Les manifestants, visages dissimulés derrière des foulards et arborant le drapeau national, ont parcouru les rues de la capitale Managua.

KEYSTONE/EPA EFE/ESTEBAN BIBA

(sda-ats)

Opposants et partisans du président du Nicaragua Daniel Ortega ont manifesté samedi à travers le pays. Un manifestant pro-Ortega a été tué par après avoir reçu un tir dans le dos lors d'une marche anti-gouvernementale qui défilait devant la mairie de Matagalpa (nord).

La victime est Lénine Mendiola, fils d'un leader historique du parti sandiniste au pouvoir, selon un communiqué de la police. Des médias opposés au pouvoir ont également rapporté des incidents à Matagalpa et affirmé que des paramilitaires liés au pouvoir ont tiré sur des manifestants, sans préciser s'ils avaient fait des victimes.

Des marches se sont également déroulées à Managua, Leon (nord-ouest) et Juigalpa (est). Dans la capitale, deux manifestations, pro et anti-Ortega, étaient organisées. Elles sont parties à moins d'une demi-heure d'intervalle et se sont déroulées à moins de deux kilomètres l'une de l'autre.

Libération des prisonniers

La "marche bleue et blanche", aux couleurs du drapeau du Nicaragua, a réuni des dizaines de milliers d'opposants à Daniel Ortega qui ont scandé, le visage dissimulé derrière des foulards, "Liberté", "Halte aux détentions illégales", "liberté pour les prisonniers politiques".

Non loin de là, une marée de drapeaux sandinistes rouges et noirs a marché au nord de la ville avec des slogans de soutien à M. Ortega et son épouse et vice-présidente Rosario Murillo. Quelques incidents mineurs se sont produits entre les forces de l'ordre et les manifestants venus demander la libération de dizaines de personnes, détenues depuis le début des manifestations contre le pouvoir.

Les détenus sont en majorité des dirigeants étudiants, des agriculteurs et des militants d'organisations de la société civile, accusés de "terrorisme" et de "crime organisé".

Un des plus connus est le leader paysan Medardo Mairena, à la tête du mouvement contre le projet de canal interocéanique, arrêté à l'aéroport alors qu'il se rendait aux Etats-Unis. Il est également membre de l'Alliance civique, qui participe au dialogue - actuellement en panne - avec le gouvernement et fait l'objet d'une procédure judiciaire à huis clos pour terrorisme et crime organisé.

Soutien à Ortega

Les opposants au président Daniel Ortega, 72 ans dont onze au pouvoir, l'accusent de corruption, de népotisme et d'avoir instaurer une dictature avec son épouse Rosario Murillo.

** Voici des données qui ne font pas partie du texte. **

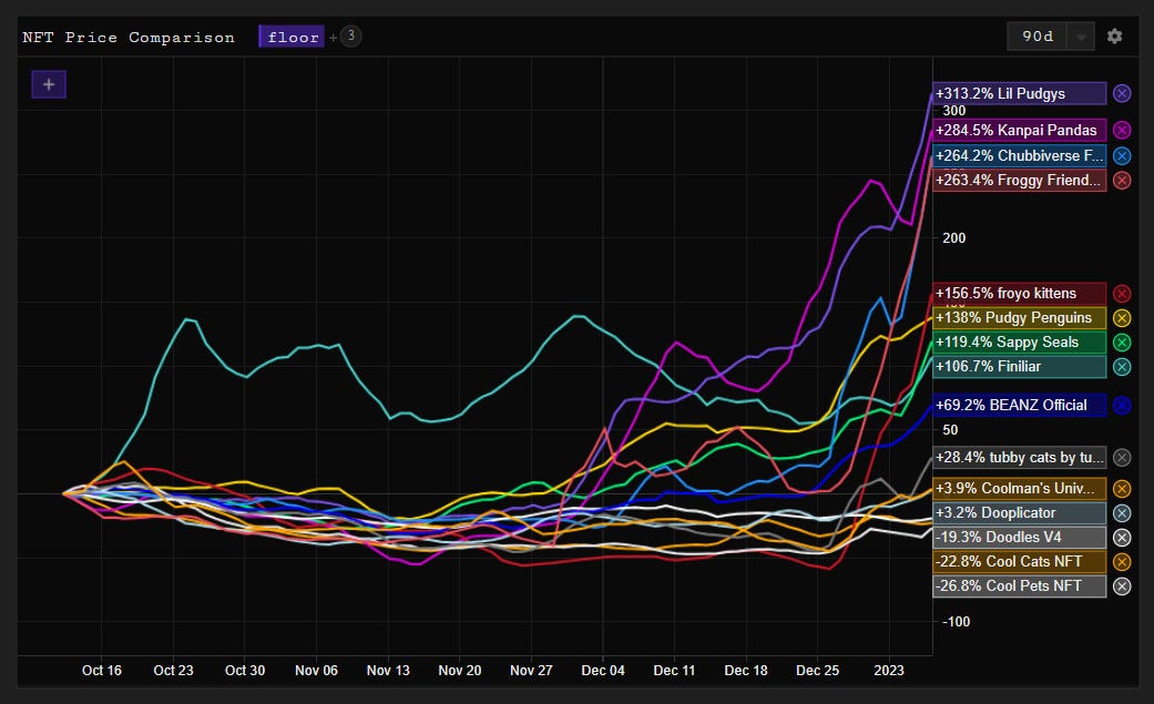 Zooming in some, the biggest cute-cap gainers over the past three months have been Lil Pudgys, Kainpai Pandas, Chubbiverse Friends, and Froggy Friends, all of which have seen their floor prices climb by more than 260% in that span.

De leur côté, les manifestants pro-gouvernementaux ont défilé au rythme de chants sandinistes. "Nous venons ici pour exiger que justice soit rendue, que les terroristes paient pour les dommages qu'ils ont causés au pays", a expliqué Lala Pineda, une commerçante de 47 ans. Dans la rhétorique sandiniste, le terme de "terroristes" désigne les opposants.

Les manifestations de l'opposition ont commencé le 18 avril contre une réforme de la sécurité sociale - abandonnée depuis. Elles se sont ensuite durcies et étendues à tout le pays en réaction à une violente répression qui a fait 317 morts selon la Commission interaméricaine des droits de l'homme (CIDH) et 197 selon les autorités.